Mayor Tom L. Johnson, who had been involved in the electric railway business before moving to Cleveland in 1883, was an advocate of municipal ownership of public transit. The Municipal Traction Co. was incorporated in 1906, and in 1908, the company leased the operations of the Cleveland Electric Railway Co. In 1910, the Municipal Traction Co. and Cleveland Electric Railway Co. filed for bankruptcy protection, and a new franchise agreement was created between the city and the former Cleveland Electric Railway Co., renamed Cleveland Railway Co.
Many of the cars owned and operated by the Cleveland Railway Co., including Car 1218 were manufactured by the G.C. Kuhlman Car Co. of Cleveland. Car 1218 was built in 1914, and improved in 1920 and leased to the Cleveland Interurban Railroad, owned by the Van Sweringen brothers, to provide transportation between Shaker Heights and Terminal Tower. The brothers purchased the Cleveland Railway Co. in 1930. Car 1218 was retired in 1960.
1218 was a center-entry car, meaning that there was only one door, located in the middle of the car. Once the passenger entered the car, and placed his or her fare into the collection box, there were two more steps up to the seat level. Many of the fare boxes were manufactured by the Johnson Fare Box Company, founded by Tom L. Johnson.
The Cleveland Transit System (CTS) was established after the City of Cleveland purchased the Cleveland Railway Company, in April, 1942. By 1954 the conversion to rubber tires vehicles was completed, and rail transit was limited to the Windermere line, which was extended to the Cleveland Hopkins International Airport in 1958. In 1974, CTS was reorganized as the Greater Cleveland Regional Transit Authority (RTA) which absorbed the Shaker Heights Rapid Transit the following year.
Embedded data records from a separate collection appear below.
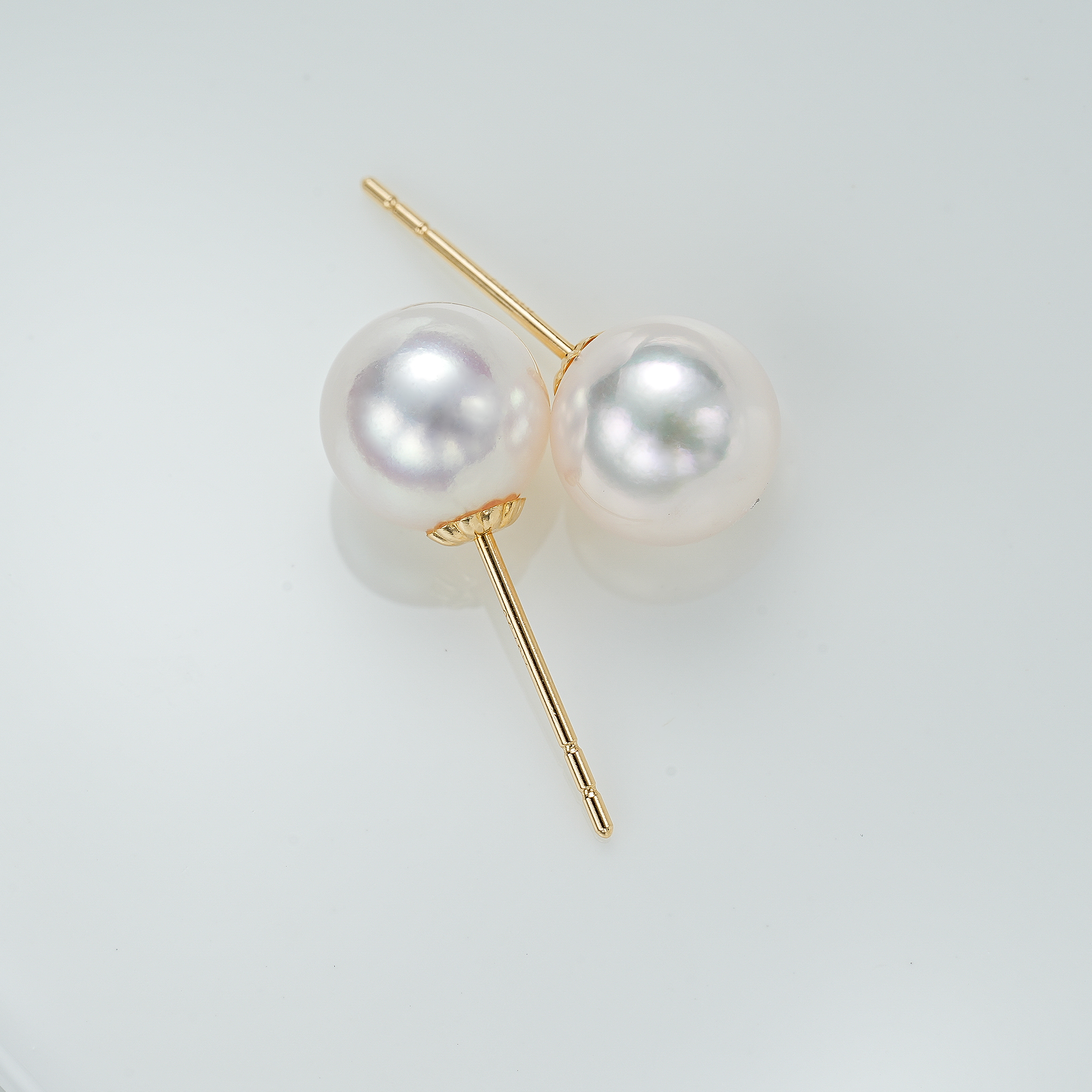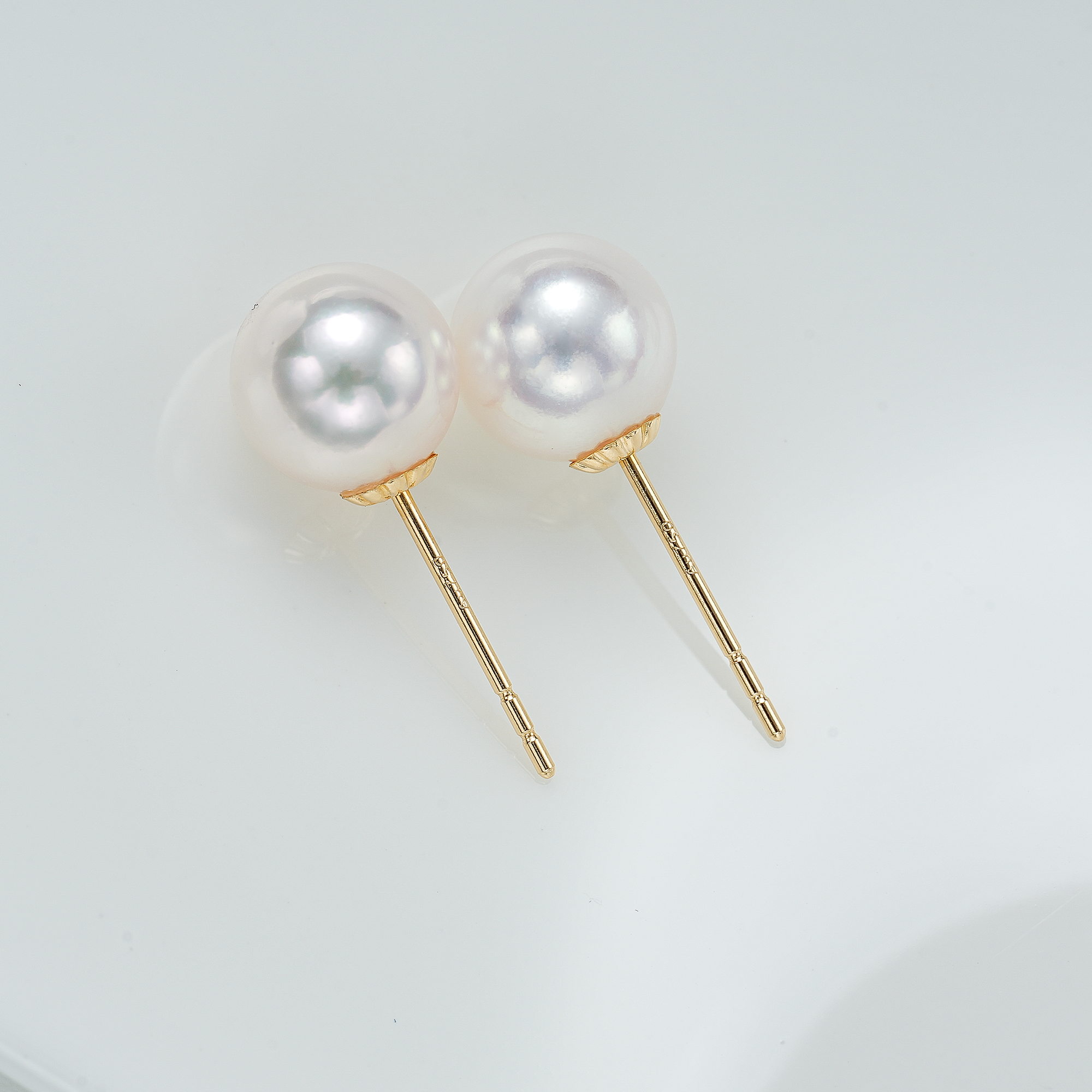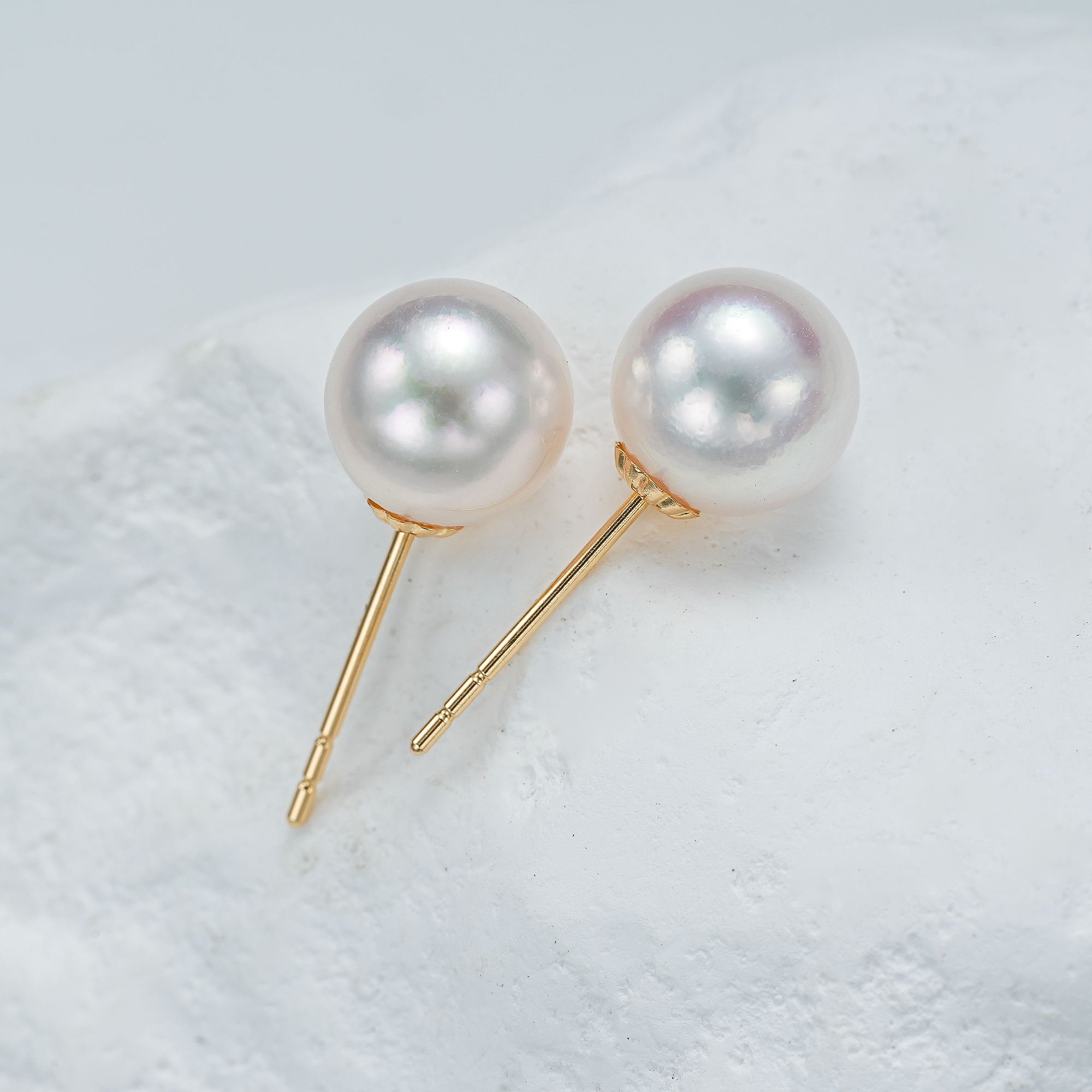 红桥珍珠 海水akoya珍珠素钉耳钉18K金简约百搭
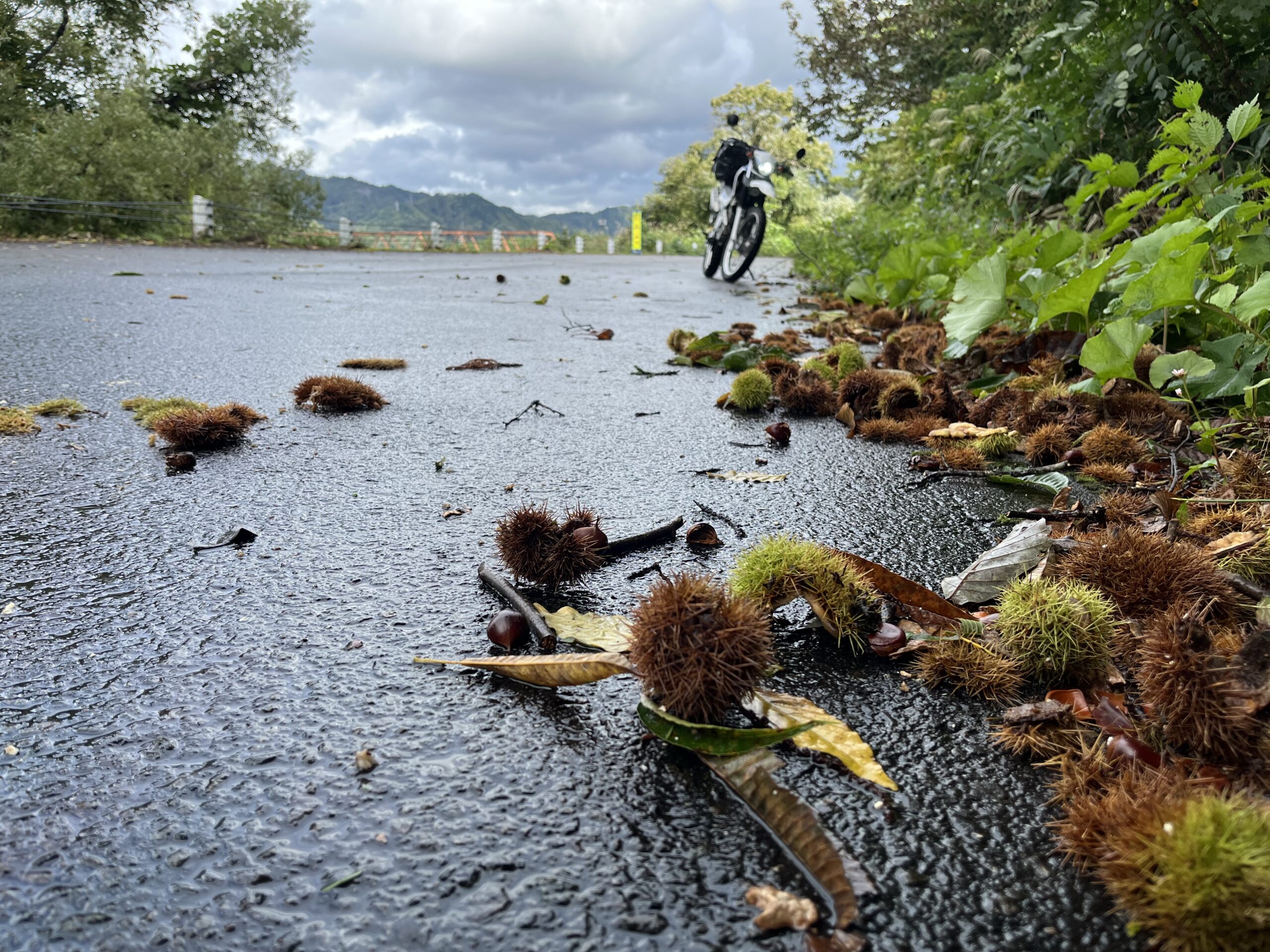 路肩の栗の木の周りには獣の匂いが残っていて
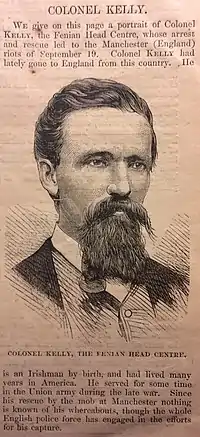 Kelly played an important role in the failed Fenian Rising of 1867 and was arrested.[11] He later escaped, and in August 1867, called a secret IRB convention at Manchester, where he was declared Chief Organiser of the Irish Republic (COIR), in succession to Stephens.
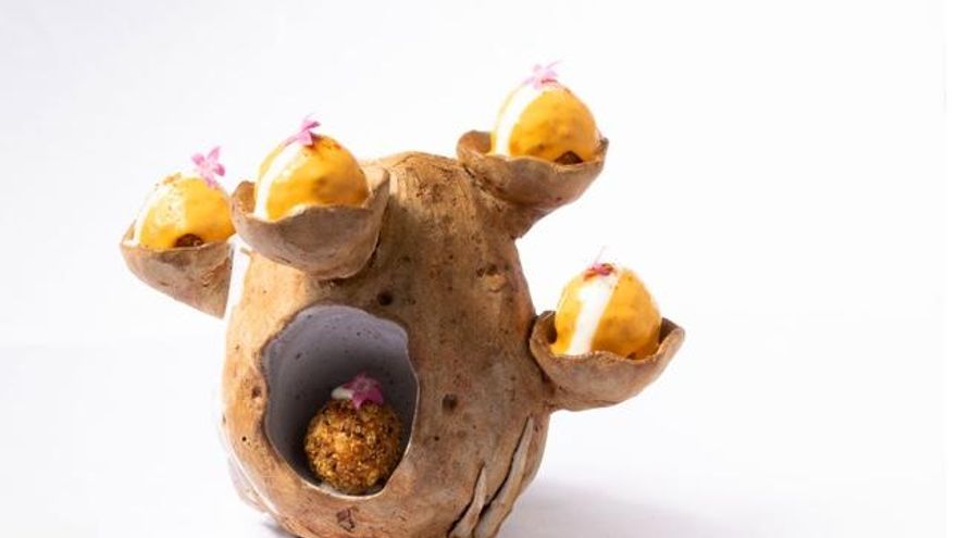 Se llevó el primer premio y el premio a la Innovación para el Maison Melié de Madrid con las Candy Crush Bravas, una especie de trampantojo que parece un caramelo pero, en realidad, es una gelatina caliente de salsa brava al kimchi con un envoltorio de puré de patata.
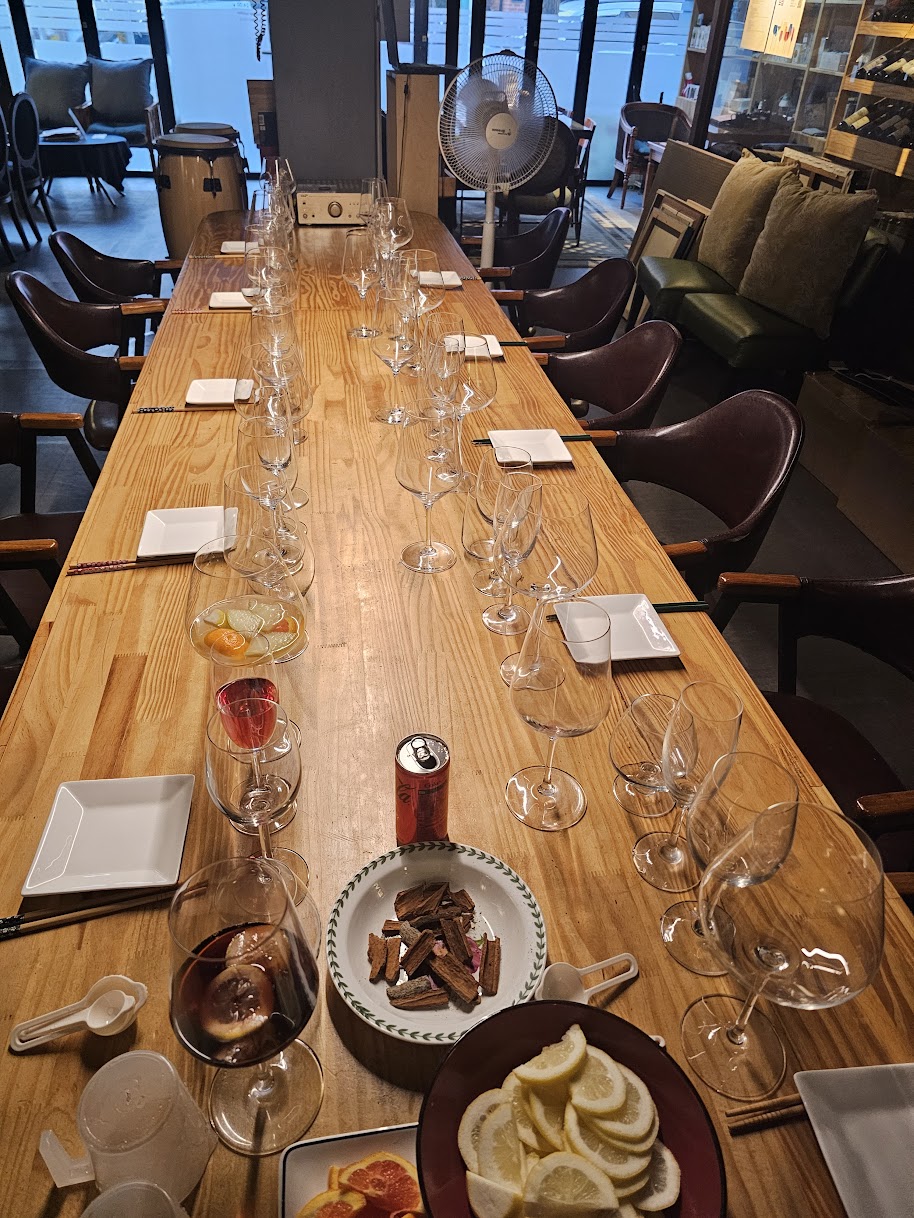 그 외에도 많은 경험들이 있을 것이다. 종종 오감이 보고 듣고 맡은 것을 적는다. 아이들이 자라 "엄마는 이 척박한 세상에 왜 우릴 낳았어?"하고 따진다면, "세상엔 고통 · 폭력 · 상처도 넘치지만, 눈 · 코 · 귀가 아니었다면 몰랐을 경이도 많아"라며 말 할 수 있을 것이다. 나는 와인을 함께 마실 때와 오늘 공유하는 시를 만났을 때이다. 오늘 사진은 저녁에 있을 와인 칵테일 강의 준비 사진이다.
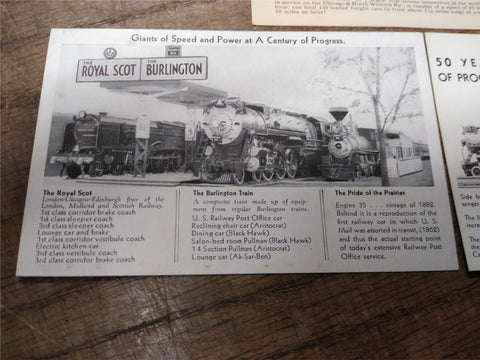 This is a Vtg. 3 Piece Railroad Locomotive Post Card Lot North Western Pioneer C & N W.R. Burlington, Royal Scott Locomotives, in Good condition! The pictures are a substantial part of the description so please examine all the photos and contact me if you have any questions. We will be happy to save you shipping costs by picking this up at our shop. Thanks for looking. 120822-10-RK
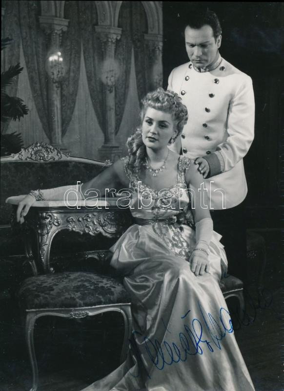 Leírás: Németh Marika (1925-1996) színésznő aláírása az őt ábrázoló fotón

An agreement was reached between RTA and University Circle Incorporated, by which Car 1218, having been retired to Trolleyville in 1966, was to be restored and placed on display in the vicinity of the Children’s Museum in University Circle (so named because it was once the circle where street cars turned around to return to downtown Cleveland). Lacking funding, the project was never completed, and Car 1218 has been sold.